- Work instruction -
Restate word for word each line from the one containing "Here’s a diagram" through the end of the material, and nothing more. Drop every picture.

- Data excerpt -
★ ★ ★ ★

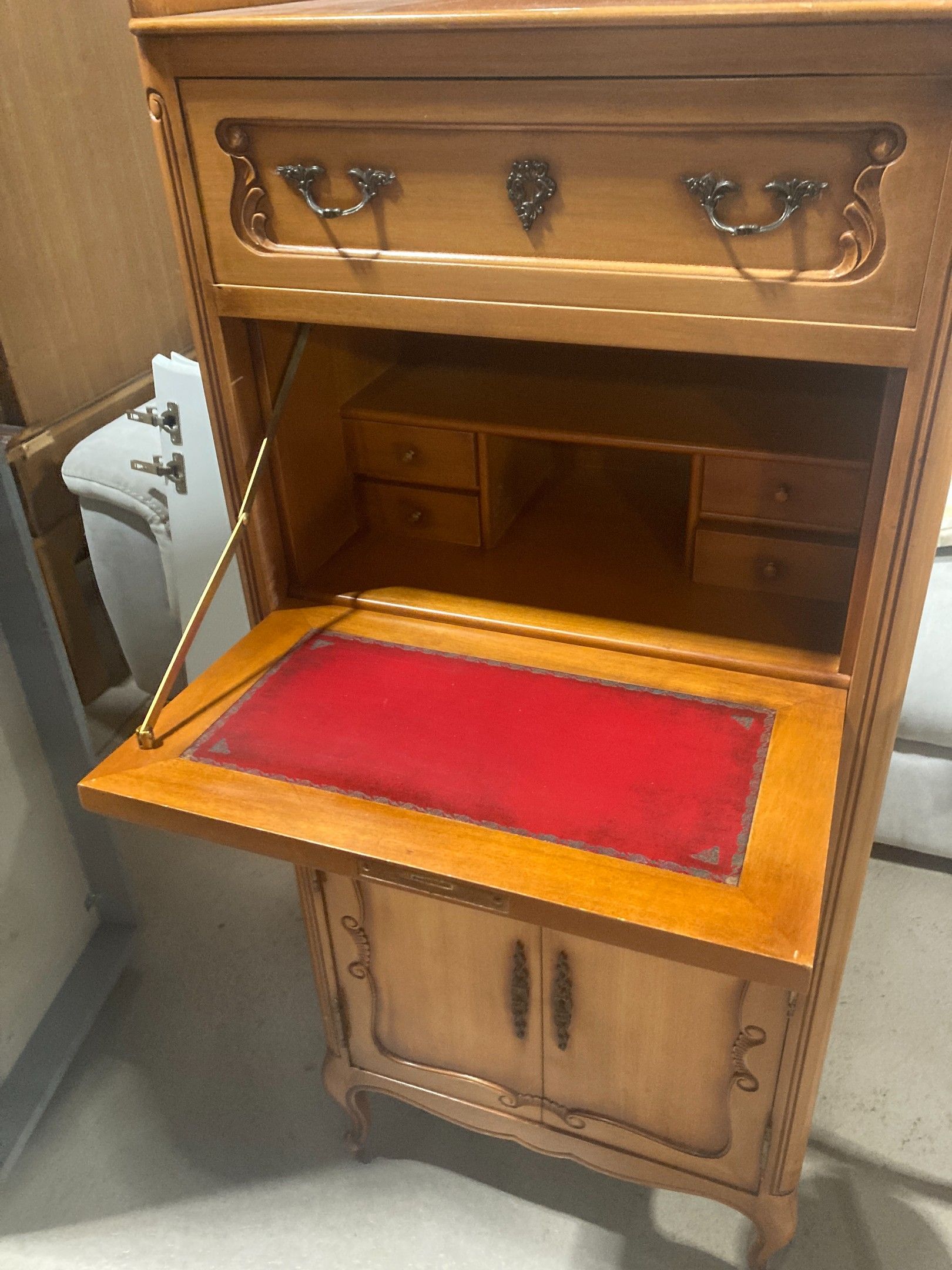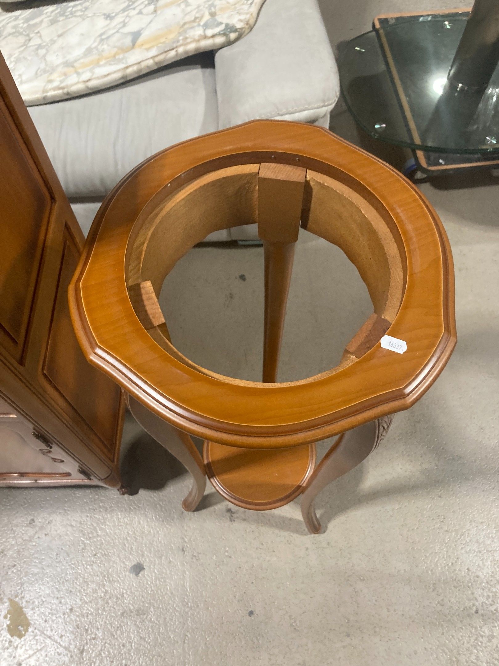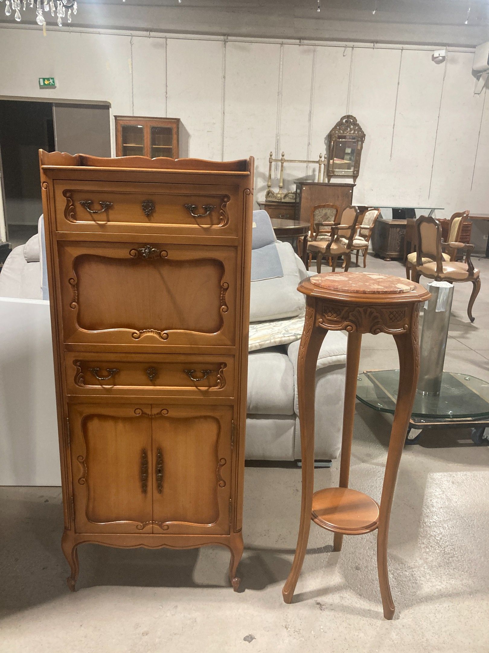 Small secretary with flap. 125 x 53 x 35 cm. Attached is a small circular marble top, height: 99 cm.
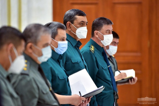 Шавкат Мирзиёев 27 июля впервые выступил на публике с медицинской маской. Президент ознакомился с отчетом о проводимой работе по противодействию пандемии коронавируса в Ташкенте, повышению эффективности борьбы с распространением инфекции, увеличению охвата населения качественной и своевременной медицинской помощью, сообщает пресс-служба главы государства.
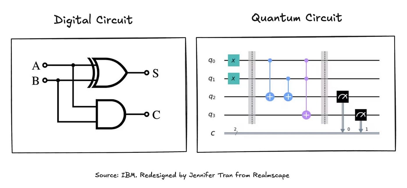 Here’s a diagram comparing a digital and a quantum circuit, showing both graphical similarities and distinct components.
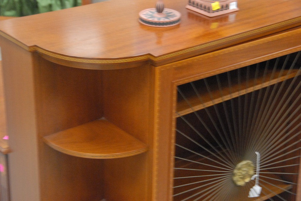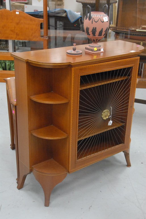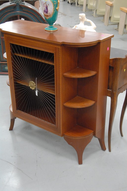 Pair of Margolis mahogany bookcases having D shaped top over conforming cabinet with grill work door flanked by open side shelves all with dart inlaid edges all set on flared French feet, signed on reverse with brand mark Harold Margolis. ht. 39in. wd. 38in. dp. 15in.

★ ★ ★ ★

- Task answer -
 Here’s a diagram comparing a digital and a quantum circuit, showing both graphical similarities and distinct components.
 Pair of Margolis mahogany bookcases having D shaped top over conforming cabinet with grill work door flanked by open side shelves all with dart inlaid edges all set on flared French feet, signed on reverse with brand mark Harold Margolis. ht. 39in. wd. 38in. dp. 15in.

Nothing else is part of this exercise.